- Genre: Sports drama; Family drama;
- Created by: Dan Fogelman
- Starring: Christopher Meloni; William H. Macy; Mandy Moore; Chloe Bennet; Chace Crawford; Sam Corlett; Tanner Zagarino;
- Country of origin: United States
- Original language: English

Production
- Executive producers: Dan Fogelman Jess Rosenthal David Ellison Jesse Sisgold Jason T. Reed
- Production companies: Rhode Island Ave. Productions; Skydance Sports; NFL Films; 20th Television;

Original release
- Network: Hulu

= The Land (TV series) =

Upcoming American family sports drama series

The Land is an upcoming sports drama television series created by Dan Fogelman, and starring Christopher Meloni, William H. Macy and Mandy Moore. The series is set to be released on Hulu.

==Premise==
The six episode series follows a fictional version of the Cleveland Browns of the NFL, while also exploring a generational family component.

==Cast==
===Main===
- Christopher Meloni as Cleveland Browns head coach Danny Roarke
- William H. Macy as Hank Durkin
- Mandy Moore as Lauren Durkin
- Chloe Bennet
- Chace Crawford
- Sam Corlett as rookie Browns quarterback Connor Roarke
- Tanner Zagarino

===Recurring===
- Omar Epps
- Michael McGrady
- Calahan Skogman
- Thomas Q. Jones
- Bridget Moynahan
- Benjamin Bratt

==Production==
===Development===
In October 2024, Hulu commissioned the series, with Dan Fogelman set as creator and writer.
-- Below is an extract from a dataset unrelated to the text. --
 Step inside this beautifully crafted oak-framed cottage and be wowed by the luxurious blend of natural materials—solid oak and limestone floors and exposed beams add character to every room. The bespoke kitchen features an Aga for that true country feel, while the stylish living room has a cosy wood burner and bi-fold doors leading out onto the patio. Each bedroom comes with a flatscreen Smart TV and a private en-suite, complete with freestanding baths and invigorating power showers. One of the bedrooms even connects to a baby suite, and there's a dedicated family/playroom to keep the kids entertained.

While the series had no title, it was described as "a sprawling drama set inside the world of the NFL with a generational family component." Fogelman and Jess Rosenthal would executive produces via their production company, Rhode Island Ave. Productions. David Ellison, Jesse Sisgold, and Jason T. Reed would also executive produce through Skydance Sports, with NFL Films and 20th Television as other production companies. In January 2026, the series was officially titled The Land, with the setting taking place in Cleveland.

===Casting===
In July 2025, Christopher Meloni joined the series in a lead role, playing the head coach of an unnamed team. The following month, William H. Macy and Mandy Moore joined the series, with Moore reuniting with Fogelman after working with him in This Is Us.

In September 2025, Sam Corlett, Tanner Zagarino, Chloe Bennet, and Chace Crawford joined as series regulars.

In November 2025, Omar Epps, Michael McGrady, Calahan Skogman and Thomas Q. Jones joined the series in recurring roles. In March 2026, Bridget Moynahan and Benjamin Bratt were cast in recurring roles.

===Filming===
The series qualified for California's Film and TV Tax Credit Program. It was reported that the series got "the largest allocation" with nearly $43 million.

Filming for the series began on October 23, 2025. Scenes were filmed at the 2026 NFL draft in Pittsburgh.